See Preface to Oregon Revised Statutes for further explanation.
138.060 Appeal by state.
(1) The state may take an appeal from the circuit court, or from a municipal
court or a justice court that has become a court of record under ORS 51.025 or
221.342, to the Court of Appeals from:
(a)
An order made prior to trial dismissing or setting aside the accusatory
instrument;
(b)
An order arresting the judgment;
(c)
An order made prior to trial suppressing evidence;
(d)
An order made prior to trial for the return or restoration of things seized;
(e)
A judgment of conviction based on the sentence as provided in ORS 138.222;
(f)
An order in a probation revocation hearing finding that a defendant who was
sentenced to probation under ORS 137.712 has not violated a condition of
probation by committing a new crime;
(g)
An order made after a guilty finding dismissing or setting aside the accusatory
instrument;
(h)
An order granting a new trial; or
(i) An order dismissing an accusatory instrument under ORS
136.130.
(2)
Notwithstanding subsection (1) of this section, when the state chooses to
appeal from an order listed in paragraph (a) or (b) of this subsection, the
state shall take the appeal to the Supreme Court if the defendant is charged
with murder or aggravated murder. The orders to which this subsection applies
are:
(a)
An order made prior to trial suppressing evidence; and
(b)
An order made prior to trial dismissing or setting aside the accusatory
instrument.
(3)
In an appeal by the state under subsection (2) of this section, the Supreme
Court shall issue its decision no later than one year after the date of oral
argument or, if the appeal is not orally argued, the date that the State Court
Administrator delivers the briefs to the Supreme Court for decision. Failure of
the Supreme Court to issue a decision within one year is not a ground for
dismissal of the appeal. [Amended by 1963 c.385 §1; 1969 c.198 §64; 1969 c.529 §1;
1971 c.644 §1; 1973 c.836 §276; 1977 c.752 §2; 1989 c.790 §21a; 1997 c.852 §11;
1999 c.946 §2; 2001 c.870 §4; 2011 c.379 §1]
138.070
[Repealed by 1971 c.565 §20 (138.071 enacted in lieu of 138.070)]

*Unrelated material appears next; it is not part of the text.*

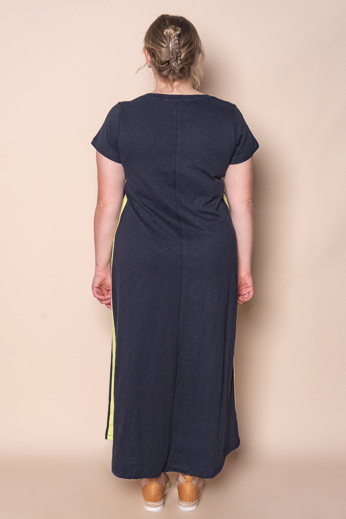 Stay stylish and comfy in the Recovery Dress in Navy and Neon Lemon by Foxwood. This playful midi-length dress features charming stripe details and handy pockets for all your little essentials. Made from soft cotton, it offers breathable comfort while the round neckline adds a simple, flattering touch. Perfect for days when you want to feel relaxed but put together effortlessly.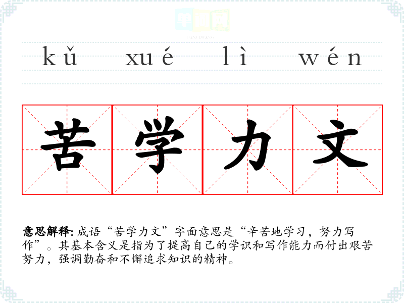 “苦学力文”并没有明确的历史典故或文献出处,但可以从其字面构成和文化背景理解其意涵。在*传统文化中,学被视为一种重要的责任与追求,而“苦学”则强调了学*过程中所需的毅力和辛苦。这一成语反映了古代士人对学问的渴望和执着,以及对文化、文学的重视。

138.071 Time within which appeal must be
taken. (1) Except as provided in this section,
a notice of appeal must be served and filed not later than 30 days after the
judgment or order appealed from was entered in the register.
(2)
If a motion for new trial or motion in arrest of judgment is served and filed,
a notice of appeal must be served and filed within 30 days from the earlier of
the following dates:
(a)
The date of entry of the order disposing of the motion; or
(b)
The date on which the motion is deemed denied.
(3)
A defendant cross-appealing must serve and file the notice of cross-appeal
within 10 days of the expiration of the time allowed in subsection (1) of this
section.
(4)
If the trial court enters a corrected or a supplemental judgment under ORS
138.083, a notice of appeal from the corrected or supplemental judgment must be
filed not later than 30 days after the defendant receives notice that the
judgment has been entered.
(5)(a)
Upon motion of a defendant, the Court of Appeals shall grant the defendant
leave to file a notice of appeal after the time limits described in subsections
(1) to (4) of this section if:
(A)
The defendant, by clear and convincing evidence, shows that the failure to file
a timely notice of appeal is not attributable to the defendant personally; and
(B)
The defendant shows a colorable claim of error in the proceeding from which the
appeal is taken.
(b)
A defendant is not entitled to relief under this subsection for failure to file
timely notice of cross-appeal when the state appeals pursuant to ORS 138.060
(1)(c) or (2)(a).
(c)
The request for leave to file a notice of appeal after the time limits
prescribed in subsections (1) to (3) of this section must be filed no later
than 90 days after entry of the order or judgment being appealed. The request
for leave to file a notice of appeal after the time limit prescribed in
subsection (4) of this section must be filed no later than 90 days after the
defendant receives notice that the judgment has been entered. A request for
leave under this subsection must be accompanied by the notice of appeal, may be
filed by mail and is deemed filed on the date of mailing if the request is
mailed as provided in ORS 19.260.
(d)
The court may not grant relief under this subsection unless the state has
notice and opportunity to respond to the defendant’s request for relief.
(e)
The denial of a motion under paragraph (a) of this subsection is a bar to
post-conviction relief under ORS 138.510 to 138.680 on the same ground, unless
the court provides otherwise. [1971 c.565 §21 (enacted in lieu of 138.070);
1977 c.752 §3; 1985 c.282 §1; 1985 c.734 §§17,17a; 1987 c.852 §1; 2001 c.870 §7;
2003 c.288 §2; 2007 c.547 §2; 2009 c.11 §10]
138.080 [Amended
by 1959 c.558 §37; 1969 c.198 §65; 1971 c.193 §28; repealed by 1971 c.565 §22
(138.081 enacted in lieu of 138.080)]
138.081 Service and filing of notice of
appeal. (1) An appeal shall be taken by causing
a notice of appeal in the form prescribed by ORS 19.250 to be served:
(a)(A)
On the district attorney for the county in which the judgment is entered, when
the defendant appeals, or if the appeal is under ORS 221.360 on the plaintiff’s
attorney; or
(B)
On the attorney of record for the defendant, or if the defendant has no
attorney of record, on the defendant, when the state appeals; and
(b)
On the trial court transcript coordinator if a transcript is required in
connection with the appeal; and
(c)
On the clerk of the trial court.
(2)(a)
The original of the notice shall be filed with the clerk of the court to which
the appeal is made.
(b)
Proof of service of the notice of appeal shall be indorsed on or affixed to the
original filed with the Court of Appeals or the Supreme Court. [1971 c.565 §23
(enacted in lieu of 138.080); 1985 c.734 §18; 1997 c.389 §9; 2001 c.870 §8]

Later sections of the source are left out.